**Work order**
In the entries below, find the lines with the word "Wasp" and copy them.

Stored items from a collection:
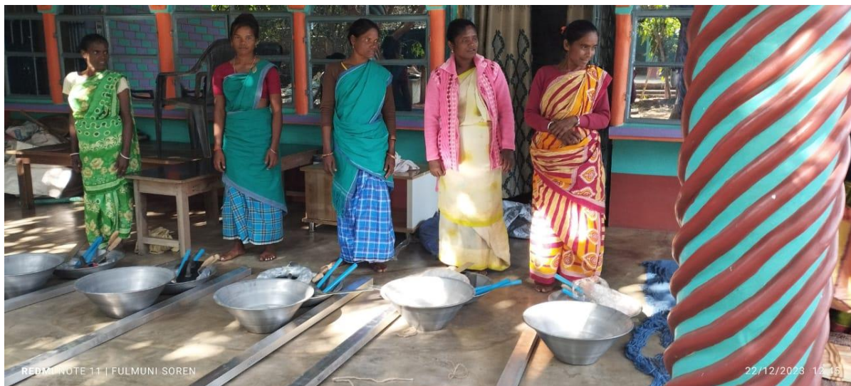
Women with Masonry equipments
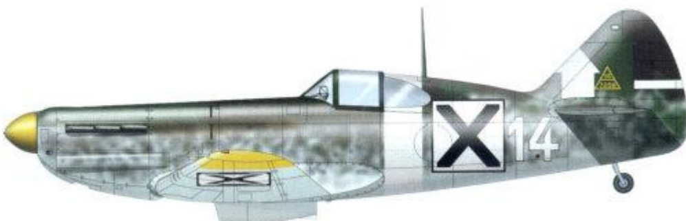
Dewoitine D.520, serial 14 (7256), 6th Iztrebitelen Polk, Karlovo, beginning of the 1943.
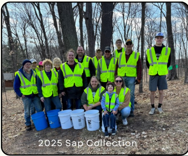
2025 Sap Collection
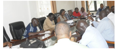
FUFA Executive meeting held on 25th January 2015 at FUFA House, Mengo
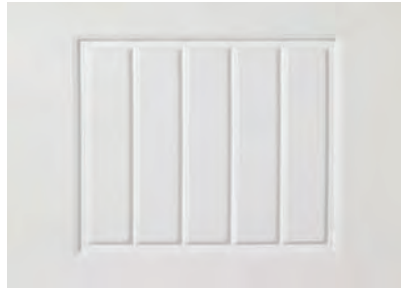
V5 panel (Model 872)
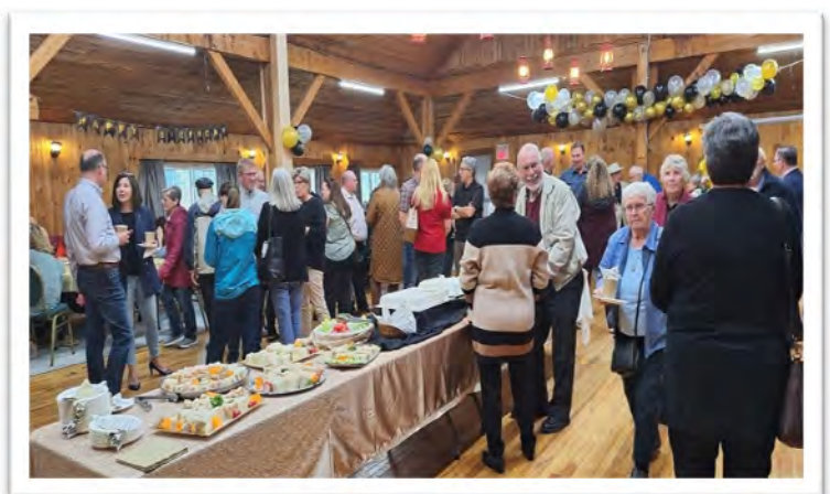
A very well attended function for sure.
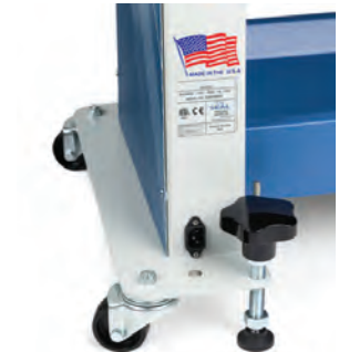
Heavy duty rear stabilizing feet.

Neschen Americas 7091 Troy Hill Drive Elkridge, MD 21075 U.S.A. Tel: 800-257-7325 Local: 410-540-8900 Fax: 800-966-4554
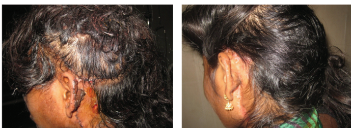
[Table/Fig-9]: Immediate post-operative picture [Table/Fig-10]: Three months follow-up picture
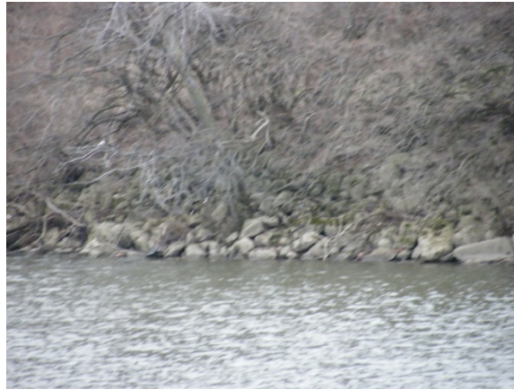
Photograph D-33: On East Bank at Approximate Location of Photographs D-3 and D-4
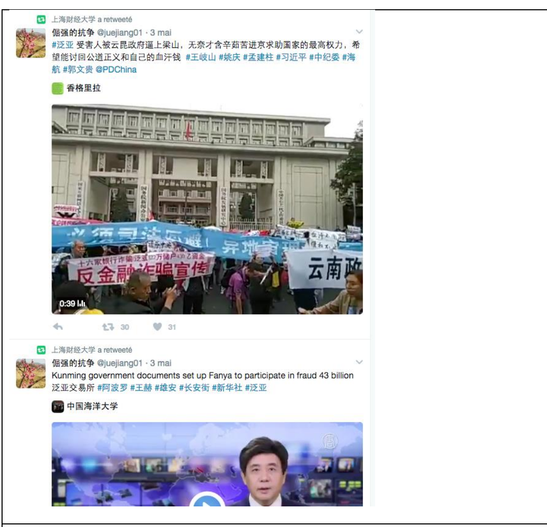
Figure 5: Example of retweeted content in the pan-Asia group
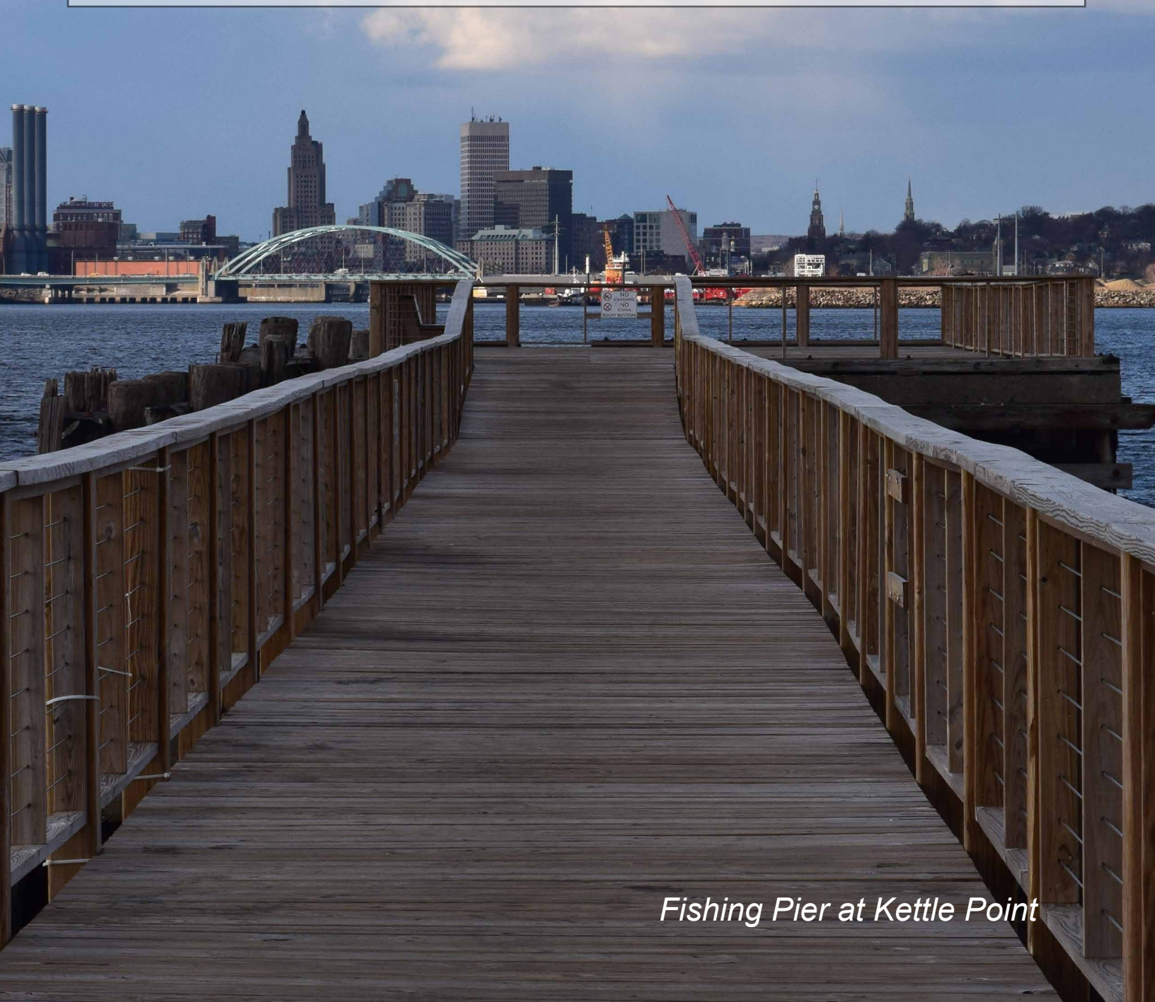
Fishing Pier at Kettle Point

Nearly 3 acres were donated by the developers of Kettle Point to the City of East Providence. The parcel includes public access to a 600 foot board walk and fishing pier. The pier is accessible by the Urban Coastal Greenway within Kettle Point.
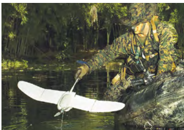
Wasp is landed and recovered in water

Wasp AE is the all-environment version of the battle proven Wasp III Micro Air Vehicle (MAV). With special design considerations for maritime and land operations, Wasp AE delivers exceptional features of superior imagery, increased endurance and ease of use that is inherent in all AeroVironment UAS solutions. This lightweight, unmanned aircraft system (UAS) is operated by AeroVironment's battle proven Ground Control Station (GCS). This common GCS is also compatible with Raven ® and Puma ™ AE.
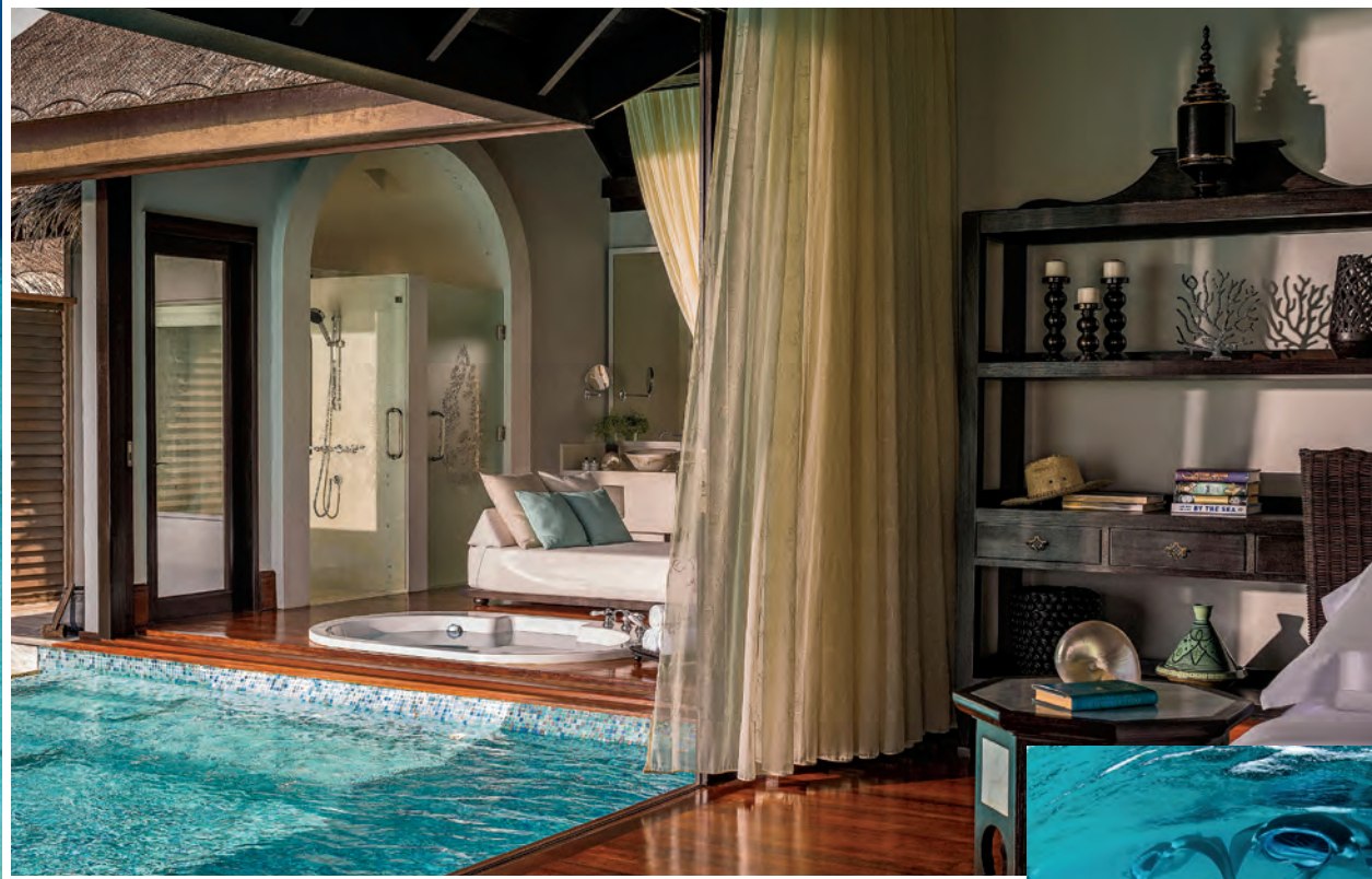
OPPOSITE PAGE: Aerial view of over water villas ABOVE: View from the bedroom of the over water pool villa RIGHT: Manta Rays in Hanifaru Bay BOTTOM: FIRE interior

**Response to the exercise**
Wasp is landed and recovered in water
Wasp AE is the all-environment version of the battle proven Wasp III Micro Air Vehicle (MAV). With special design considerations for maritime and land operations, Wasp AE delivers exceptional features of superior imagery, increased endurance and ease of use that is inherent in all AeroVironment UAS solutions. This lightweight, unmanned aircraft system (UAS) is operated by AeroVironment's battle proven Ground Control Station (GCS). This common GCS is also compatible with Raven ® and Puma ™ AE.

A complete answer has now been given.